[Task goal]: Only the lines below from the one containing "Lenjerie de pat" through the one containing "腕時計ケース ウオッチボックス PU製" belong in the answer, repeated exactly and without pictures.

[Extracted records]:
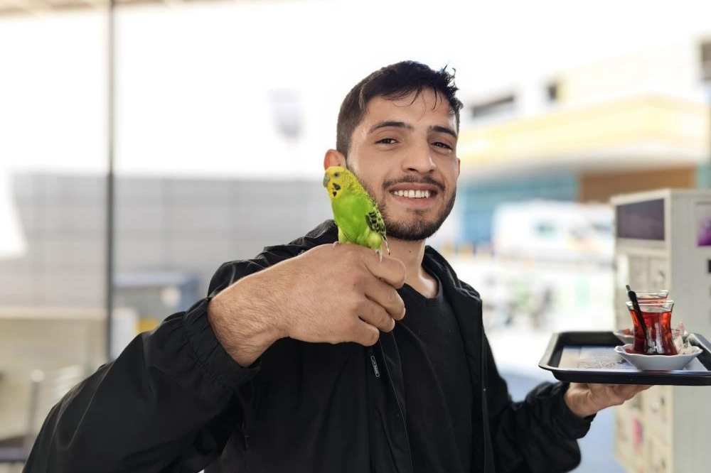 İnegöl Devlet Hastanesi kantininde çay servisi yapan 20 yaşındaki İbrahim Bilici, 2 yıl önce sahiplendiği ve 'İbiş' ismini verdiği muhabbet kuşunu yanından ayırmıyor. Bilici, omzundan ayrılmayan İbiş'le beraber kantinde hizmet veriyor. Çay servisini yapan Bilici'nin omzunda kuşu görenler de bu duruma şaşırıyor.
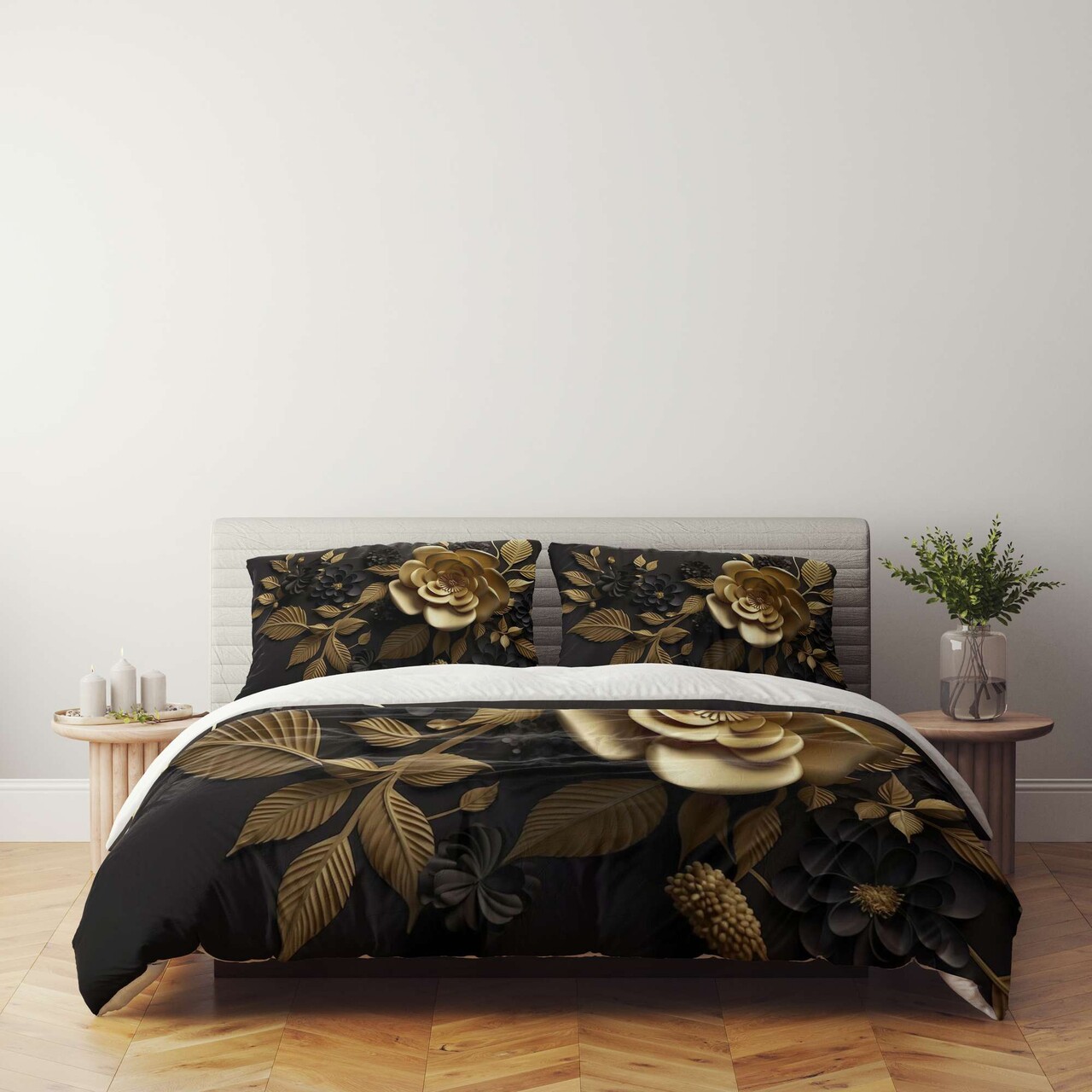 Lenjerie de pat dubla Super King (FR), 3 piese, L'essentiel Maison, FLW_DVT25-18, Multicolor
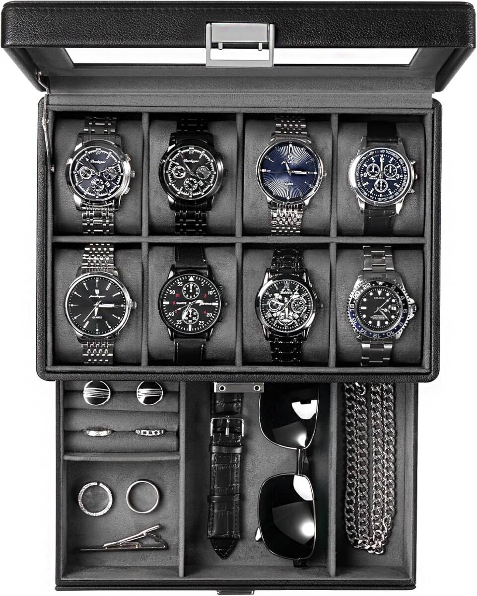 腕時計ケース ウオッチボックス PU製 ブラック 8本 2段式 男女兼用 収納ボックス アクセサリーケース アクセサリー 収納 ディスプレイ
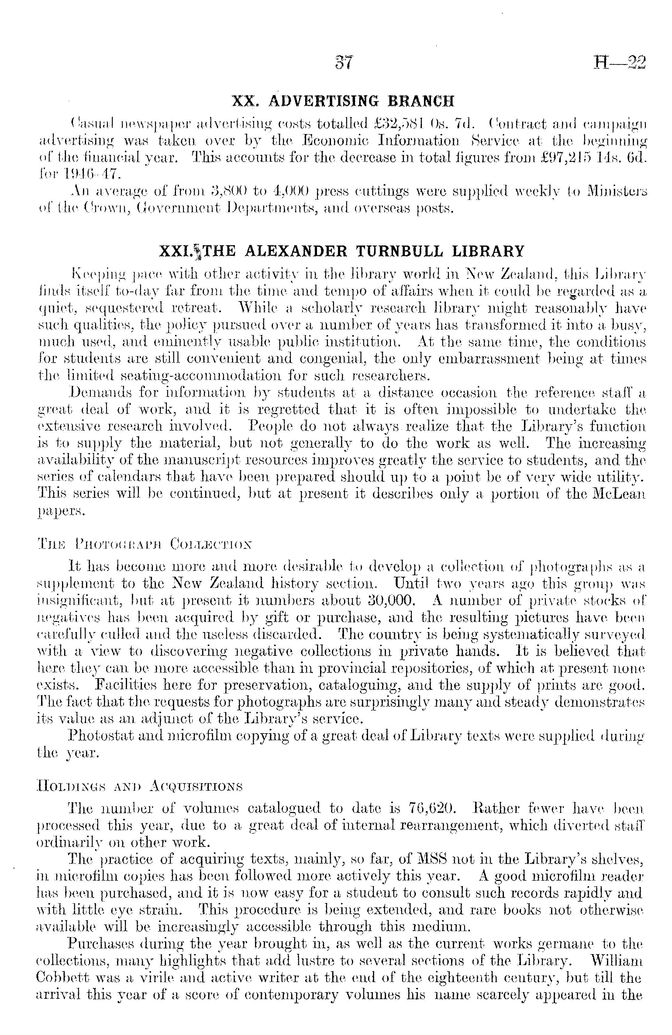 XX. ADVERTISING BRANCH Casual newspaper advertising costs totalled £32,581 Os. 7d. Contract and campaign advertising was taken over by the Economic Information Service at tlie beginning of the financial year. This accounts for the decrease in total figures from £97,215 14s. 6d. for 1946-47. An average of from 3,800 to 4,000 press cuttings were supplied weekly to Ministers of the Crown, Government Departments, and overseas posts. XXI.|THE ALEXANDER TURNBULL LIBRARY Keeping pace with other activity in the library world in New Zealand, this Library finds itself to-day far from the time and tempo of affairs when it could be regarded as a quiet, sequestered retreat. While a scholarly research library might reasonably have such qualities, the policy pursued over a number of years has transformed it into a busy, much used, and eminently usable public institution. At the same time, the conditions for students are still convenient and congenial, the only embarrassment being at times the limited seating-accommodation for such researchers. Demands for information by students at a distance occasion the reference staff a great deal of work, and it is regretted that it is often impossible to undertake the extensive research involved. People do not always realize that the Library's function is to supply the material, but not generally to do the work as well. The increasing availability of the manuscript resources improves greatly the service to students, and the series of calendars that have been prepared should up to a point be of very wide utility. This series will be continued, but at present it describes only a portion of the McLean papers. The Photograph Collection It has become more and more desirable to develop a collection of photographs as a supplement to the New Zealand history section. Until two years ago this group was insignificant, but at present it numbers about 30,000. A number of private stocks of negatives has been acquired by gift or purchase, and the resulting pictures have been carefully culled and the useless discarded. The country is being systematically surveyed with a view to discovering negative collections in private hands. It is believed that here they can be more accessible than in provincial repositories, of which at present none exists. Facilities here for preservation, cataloguing, and the supply of prints are good. The fact that the requests for photographs are surprisingly many and steady demonstrates its value as an. adjunct of the Library's service. Photostat and microfilm copying of a great deal of Library texts were supplied during the year. Holdings and Acquisitions The number of volumes catalogued to date is 76,620. Rather fewer have been processed this year, due to a great deal of internal rearrangement, which diverted staff ordinarily on other work. The practice of acquiring texts, mainly, so far, of MSS not in the Library's shelves, in microfilm copies has been followed more actively this year. A good microfilm reader has been purchased, and it is now easy for a student to consult such records rapidly and with little eye strain. This procedure is being extended, and rare books not otherwise available will be increasingly accessible through this medium. Purchases during the year brought in, as well as the current works germane to the collections, many highlights that add lustre to several sections of the Library. William Cobbett was a virile and active writer at the end of the eighteenth century, but till the arrival this year of a score of contemporary volumes his name scarcely appeared in the
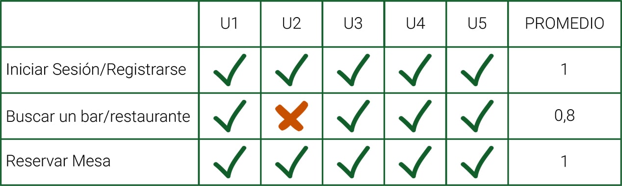 *Debido a que las primeras dos personas testeadas realizaron la reserva en el bar sugerido en el home, sin utilizar la búsqueda, se modificó la tarea para los siguientes usuarios. La misma pasó a ser: Usando la opción de búsqueda, encontra un bar donde den el superclásico y reserva una mesa para vos y tus dos amigos.
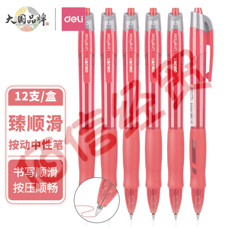 得力(deli)【順滑之星】臻順滑中性筆簽字筆 0.5mm子彈頭按動(dòng)筆水筆 辦公用品 紅色 12支/盒S08 自營

[Problem solution]:
 Lenjerie de pat dubla Super King (FR), 3 piese, L'essentiel Maison, FLW_DVT25-18, Multicolor
 腕時計ケース ウオッチボックス PU製 ブラック 8本 2段式 男女兼用 収納ボックス アクセサリーケース アクセサリー 収納 ディスプレイ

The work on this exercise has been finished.